Recent i686 2.6.27 kernels with a certain amount of memory (between 736 and
855MB) have a problem booting under a hypervisor that supports batched mprotect
(this includes the RHEL-5 Xen hypervisor as well as any 3.3 or later Xen
hypervisor). The problem ends up being that xen_ptep_modify_prot_commit() is
using virt_to_machine to calculate which pfn to update. However, this only
works for pages that are in the p2m list, and the pages coming from
change_pte_range() in mm/mprotect.c are kmap_atomic pages. Because of this, we
can run into the situation where the lookup in the p2m table returns an
INVALID_MFN, which we then try to pass to the hypervisor, which then (correctly)
denies the request to a totally bogus pfn.
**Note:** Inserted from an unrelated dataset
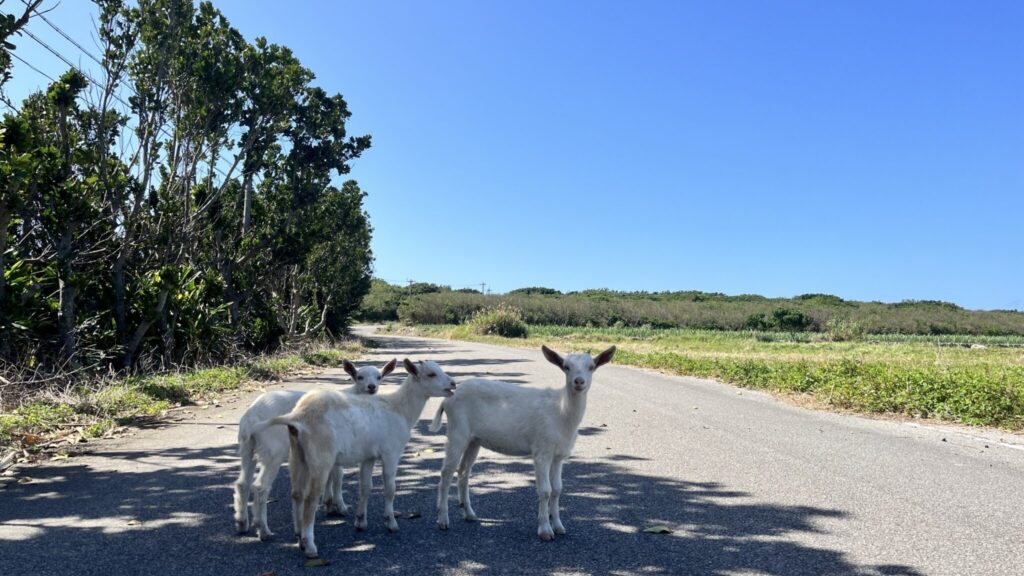 波照間の集落から少し離れたところでは多くのヤギの姿を見ることができます。そのほとんどは紐で繫がれているのですが、たまに写真のように道路の真ん中で遭遇することがあります。近寄るとゆっくり去っていくのですが、波照間島観光の際、車などで島内を移動する際は人だけでなくヤギにもお気を付けください!

The right thing to do is to use arbitrary_virt_to_machine, so that we can be
sure we are modifying the right pfn. This unfortunately introduces a
performance penalty because of a full page-table-walk, but we can avoid that
penalty for pages in the p2m list by checking if virt_addr_valid is true, and if
so, just doing the lookup in the p2m table.
The attached patch implements this, and allows my 2.6.27 i686 based guest with
768MB of memory to boot on a RHEL-5 hypervisor again. Thanks to Jeremy for the
suggestions about how to fix this particular issue.
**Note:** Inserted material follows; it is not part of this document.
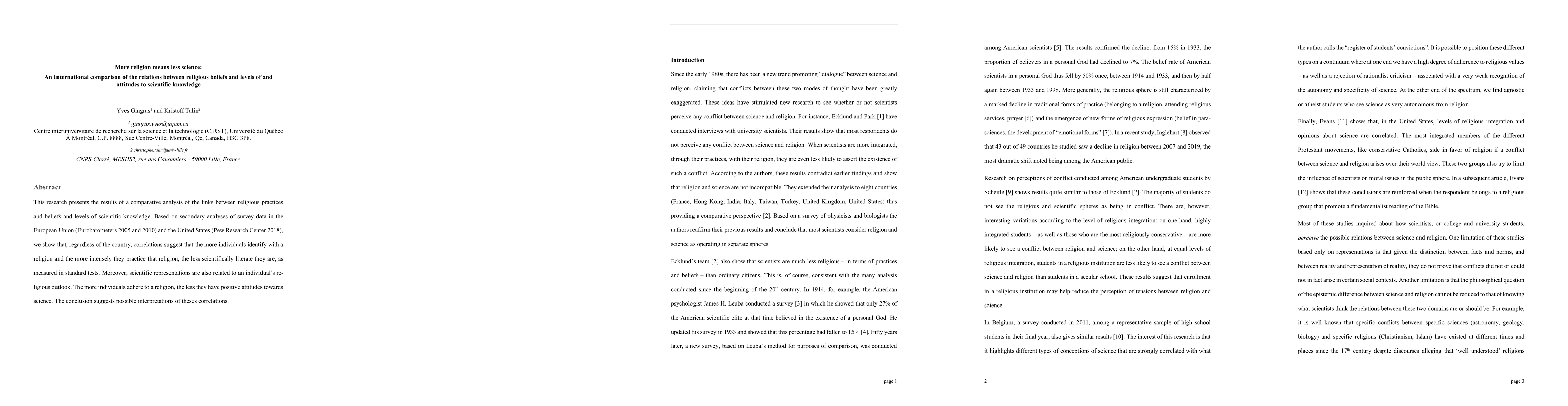 This research presents the results of a comparative analysis of the links between religious practices and beliefs and levels of scientific knowledge. Based on secondary analyses of survey data in the European Union (Eurobarometers 2005 and 2010) and the United States (Pew Research Center 2018), we show that, regardless of the country, correlations suggest that the more individuals identify with a religion and the more intensely they practice that religion, the less scientifically literate they are, as measured in standard tests. Moreover, scientific representations are also related to individual religious outlook. The more individuals adhere to a religion, the less they have positive attitudes towards science. The conclusion suggests possible interpretations of theses correlations.

Signed-off-by: Chris Lalancette <[email protected]>
>>> Chris Lalancette <[email protected]> 15.10.08 13:03 >>>
>The right thing to do is to use arbitrary_virt_to_machine, so that we can be
>sure we are modifying the right pfn. This unfortunately introduces a
>performance penalty because of a full page-table-walk, but we can avoid that
>penalty for pages in the p2m list by checking if virt_addr_valid is true, and if
>so, just doing the lookup in the p2m table.
Could you explain how virt_addr_valid() can validly be used here? Looking
at its implementation
#define virt_addr_valid(kaddr) pfn_valid(__pa(kaddr) >> PAGE_SHIFT)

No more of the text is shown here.